Benarkah di Zaman Orde Baru Soeharto Bebas Bercadar seperti Kata Fahri Hamzah?

Benarkah di Zaman Orde Baru Soeharto Bebas Bercadar seperti Kata Fahri Hamzah?

Wakil Ketua DPR Fahri Hamzah mengkritik keras larangan menggunakan cadar bagi mahasiswi oleh rektorat UIN Sunan Kalijaga, Yogyakarta.

Menurut Fahri, zaman sekarang justru lebih mengekang kebebasan hak warga negara. Fahri membandingkan dengan era Orde Baru yang memperbolehkan wanita menggunakan cadar.

Tetapi, benarkah rezim Orde Baru memperbolehkan cadar?

Jangankan cadar, Soeharto bahkan ‘alergi’ dengan simbol-simbol Islam seperti jilbab. Larangan penggunaan jilbab pernah diterapkan pada masa Orde Baru. Larangan itu menyebabkan perempuan muslimah menggunakan jilbab di rumah, tetapi tidak menggunakan jilbab saat beraktivitas di kantor pemerintahan.

Di era Orde Baru, jangan harap menemukan polwan atau prajurit TNI wanita yang berjilbab.

Ilustrasi wanita bercadar.
Ilustrasi wanita bercadar. (Foto: Pixabay)

Beberapa sekolah dan universitas juga mengusulkan agar pelajar wanita tidak menggunakan jilbab untuk foto di ijazah dengan alasan agar mudah mencari kerja. Hal ini menyebabkan muslimah berjilbab memiliki keterbatasan pilihan karir saat itu.

Klimaksnya, pada 17 Maret 1982, Departemen Pendidikan dan Kebudayaan (Departemen P dan K) RI mengeluarkan SK 052/C/Kep/D.82, isinya kebijakan baru pemerintah terkait standardisasi penggunaan seragam sekolah secara nasional.

Pasal 1 ayat (2) aturan tersebut menerangkan seragam sekolah adalah pakaian untuk digunakan saat belajar di sekolah, yang di-satu ragamkan. Kemudian, Pasal 5 ayat (4) hanya mengakomodasi seragam khas yakni dengan tutup kepala khas, lengan panjang, dan rok panjang, bukan jilbab.
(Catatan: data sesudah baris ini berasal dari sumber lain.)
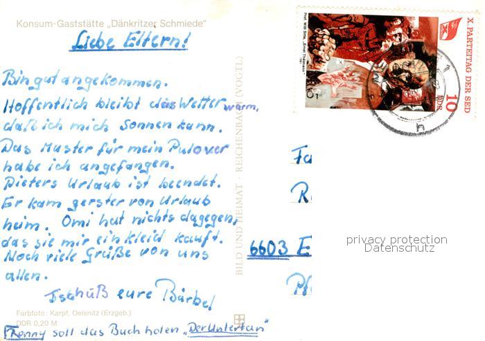 73653752 alte Postkarte Daenkritz Konsum Gaststaette Daenkritzer Schmiede Gartenrestaurant postalisch gelaufen Erhaltung siehe scans [FriedD77] KatCode: 11110014193300

Rezim Orde Baru tak memberikan kompromi terhadap keberadaan para siswi berjilbab di sekolah-sekolah negeri. Sehingga pilihan yang tersedia hanya dua: terus bersekolah namun membuka jilbabnya atau terus berjilbab namun harus pindah ke sekolah swasta.

Lihat fotonya dibawah ini

Dikutip dari historia.id, kasus jilbab menjadi heboh ketika tahun 1989. Ketika itu beredar isu “jilbab beracun” bahwa ada sekelompok perempuan berjilbab yang kerjanya menebarkan racun di pasar-pasar. Situasi tersebut menyebabkan muslimah berjilbab terpojok dan membuka jilbabnya.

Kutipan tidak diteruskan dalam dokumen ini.